Cardiomyocyte-specific deletion of TGFB3 exacerbated cardiac dysfunction and fibrosis following pressure overload by enhancing SMAD3 phosphorylation and fibroblast activation.
Cardiomyocyte-derived TGFB3 acts as an endogenous protective factor against pathological cardiac fibrosis in heart failure by competitively inhibiting TGFB1-mediated Smad3 activation.

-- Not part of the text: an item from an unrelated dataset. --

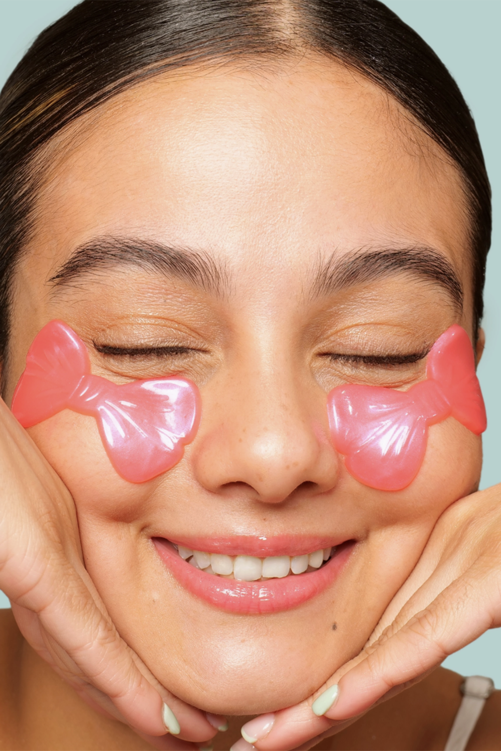 Rosewater-infused undereye masks to hydrate & brighten. With energizing caffeine and collagen-boosting peptides, these lovely-looking, bow-shaped undereye masks de-puff and smooth dull, tired skin. Hero ingredient rosewater brightens the look of dark circles while adding moisture. *Patch test on sensitive skin. Why We Love it: * Time to Chill: Keep masks in the refrigerator for a cooling and soothing effect ahead of application. * 2-in-1 Formula: Soaked in a revitalizing, 2-in-1 serum blend for optimal effect. * Adorable Design: Think unique self-care, made to make you smile. LET'S DO THIS: * Apply to clean & dry under eye area. * Leave on for 15–20 mins. * Remove & discard after single use. * Gently massage in excess serum until it’s fully absorbed. . * Marvel at your fresh glow! PRO TIP: Don’t let the masks’ free-radical fighting power go to waste: protect eyes with sunglasses when exposed to UV rays

Heart failure, the common end-stage of cardiovascular diseases, features cardiac fibrosis. Transforming growth factor-β3 (TGFB3), a key TGFB/SMAD ligand, is upregulated in cardiac disorders, but its cellular source and precise role are debated. This study examined TGFB3 in human and mouse heart failure tissues. Histological and molecular analyses showed its increase mainly from cardiomyocytes, induced by angiotensin II. Circulating TGFB3 in patients positively correlated with plasma proBNP, a heart failure severity marker. A cardiomyocyte-specific TGFB3 knockout mouse model showed its absence worsens cardiac dysfunction and fibrosis under pressure overload. Mechanically, TGFB3 competes with TGFB1 for receptors, reducing Smad3 phosphorylation and profibrotic gene activation. Loss of TGFB3 in cardiomyocytes increased expression of profibrotic mediators such as CTGF and SERPINE1, ultimately accelerating fibrotic remodeling during HF progression. These findings identify cardiomyocyte-derived TGFB3 as a crucial endogenous modulator that protects against pathological cardiac fibrosis and highlight its therapeutic potential in HF.
Xuan et al. (Mon,) conducted a other in Heart failure (n=35). Cardiomyocyte-specific TGFB3 knockout vs. Wild-type/sham controls was evaluated on Cardiac function (ejection fraction, fractional shortening) and cardiac fibrosis. Cardiomyocyte-specific deletion of TGFB3 exacerbated cardiac dysfunction and fibrosis following pressure overload by enhancing SMAD3 phosphorylation and fibroblast activation.